Repeat the data that follows exactly, starting at the line with "Мы выстроили единый" and ending at the line with "2015 Pretty Sweetheart", and leave out every picture.

» **INPUT MATERIAL**
╭──
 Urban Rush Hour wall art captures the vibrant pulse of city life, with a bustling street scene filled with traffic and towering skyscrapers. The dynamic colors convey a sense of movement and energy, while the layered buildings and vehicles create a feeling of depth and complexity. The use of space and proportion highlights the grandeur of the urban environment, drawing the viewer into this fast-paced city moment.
╰──
╭──
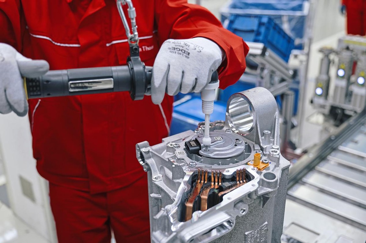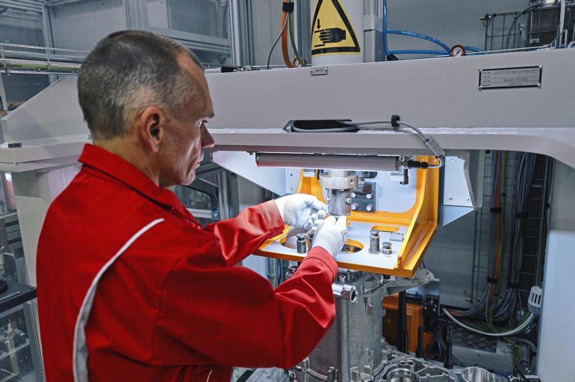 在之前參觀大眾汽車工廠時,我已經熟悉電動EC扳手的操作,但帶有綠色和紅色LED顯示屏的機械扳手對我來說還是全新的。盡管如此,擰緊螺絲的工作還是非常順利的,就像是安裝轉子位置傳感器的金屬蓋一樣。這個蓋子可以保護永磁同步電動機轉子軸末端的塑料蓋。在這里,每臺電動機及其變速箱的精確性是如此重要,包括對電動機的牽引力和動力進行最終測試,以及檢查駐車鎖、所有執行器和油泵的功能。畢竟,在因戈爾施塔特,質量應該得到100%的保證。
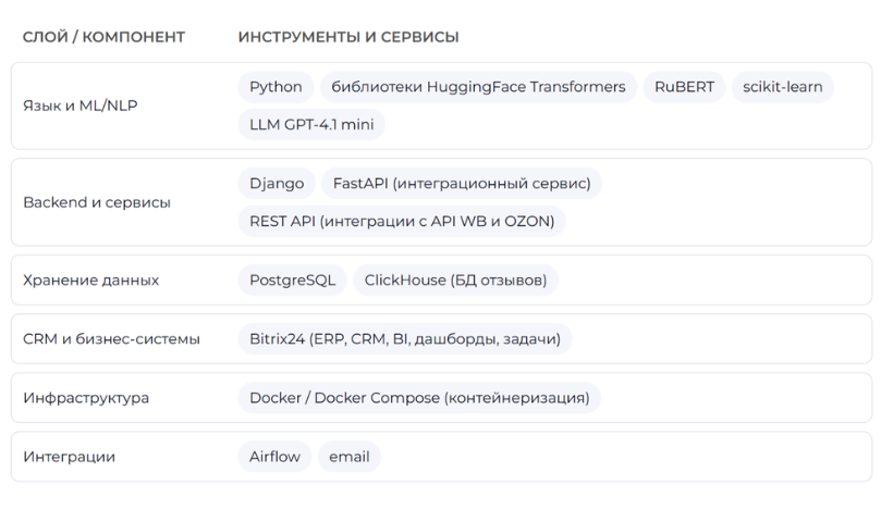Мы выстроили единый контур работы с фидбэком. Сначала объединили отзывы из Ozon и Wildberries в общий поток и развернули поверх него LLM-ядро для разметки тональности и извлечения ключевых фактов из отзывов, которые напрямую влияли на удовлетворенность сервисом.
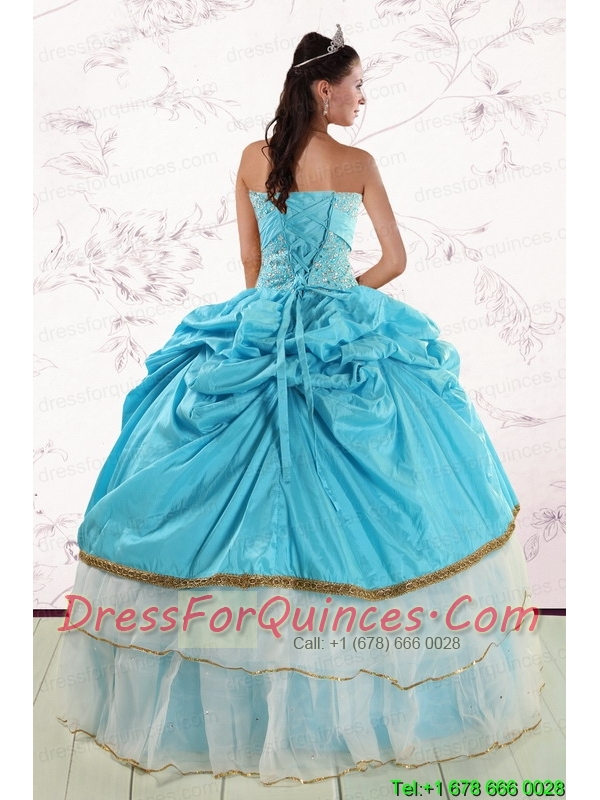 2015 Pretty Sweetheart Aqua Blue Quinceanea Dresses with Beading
╰──
» **TASK RESULT**
Мы выстроили единый контур работы с фидбэком. Сначала объединили отзывы из Ozon и Wildberries в общий поток и развернули поверх него LLM-ядро для разметки тональности и извлечения ключевых фактов из отзывов, которые напрямую влияли на удовлетворенность сервисом.
 2015 Pretty Sweetheart Aqua Blue Quinceanea Dresses with Beading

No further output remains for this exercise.